==== Supplied data

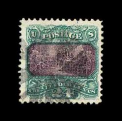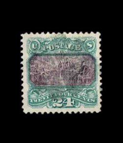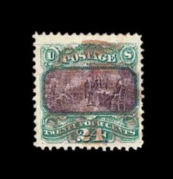 219 O 120 image#120, 24c Green and violet, used, strikingly deep rich colors and razor-sharp impressions on brilliantly white paper, well centered within uncommonly large margins, light circle of "V's" cancel, choice very fine; 1991 PF certificate. (Image) 750.00
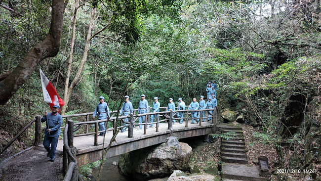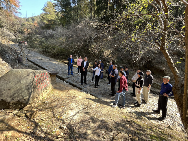 沿著崎嶇的道路,黨員干部們隨后來到了梅關古道。這里被稱為“嶺南第一關”,是一條用碎石砌成的千年古道。當年,開國元勛陳毅帶領部隊轉(zhuǎn)戰(zhàn)梅嶺一帶,進行了艱苦卓絕的三年游擊戰(zhàn)爭,留下了光輝的足跡,在臨危之際寫下了壯志凌云的《梅嶺三章》革命詩。黨員干部們認真聆聽了帶隊老師的講解,深刻感受到革命先輩為中華民族崛起所做的不懈努力和豐功偉績。
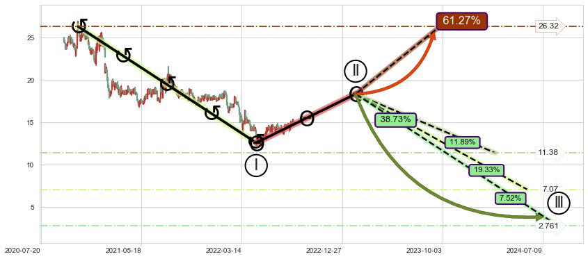 ➣ 大趋势循环浪继续向下概率38.73%
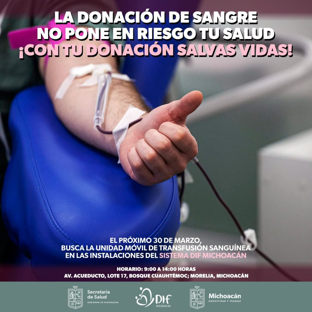 Por ello se invita a la población en general a que de manera altruista asista a donar sangre, y con ello, contribuir a salvar vidas. De manera particular, esta donación será para cuando las niñas, niños y adolescentes bajo el resguardo del Sistema DIF estatal, la requieran.

========

• Work task: Send back every line of the listing exactly. Omit the images.

• Your response:
 219 O 120 image#120, 24c Green and violet, used, strikingly deep rich colors and razor-sharp impressions on brilliantly white paper, well centered within uncommonly large margins, light circle of "V's" cancel, choice very fine; 1991 PF certificate. (Image) 750.00
 沿著崎嶇的道路,黨員干部們隨后來到了梅關古道。這里被稱為“嶺南第一關”,是一條用碎石砌成的千年古道。當年,開國元勛陳毅帶領部隊轉(zhuǎn)戰(zhàn)梅嶺一帶,進行了艱苦卓絕的三年游擊戰(zhàn)爭,留下了光輝的足跡,在臨危之際寫下了壯志凌云的《梅嶺三章》革命詩。黨員干部們認真聆聽了帶隊老師的講解,深刻感受到革命先輩為中華民族崛起所做的不懈努力和豐功偉績。
 ➣ 大趋势循环浪继续向下概率38.73%
 Por ello se invita a la población en general a que de manera altruista asista a donar sangre, y con ello, contribuir a salvar vidas. De manera particular, esta donación será para cuando las niñas, niños y adolescentes bajo el resguardo del Sistema DIF estatal, la requieran.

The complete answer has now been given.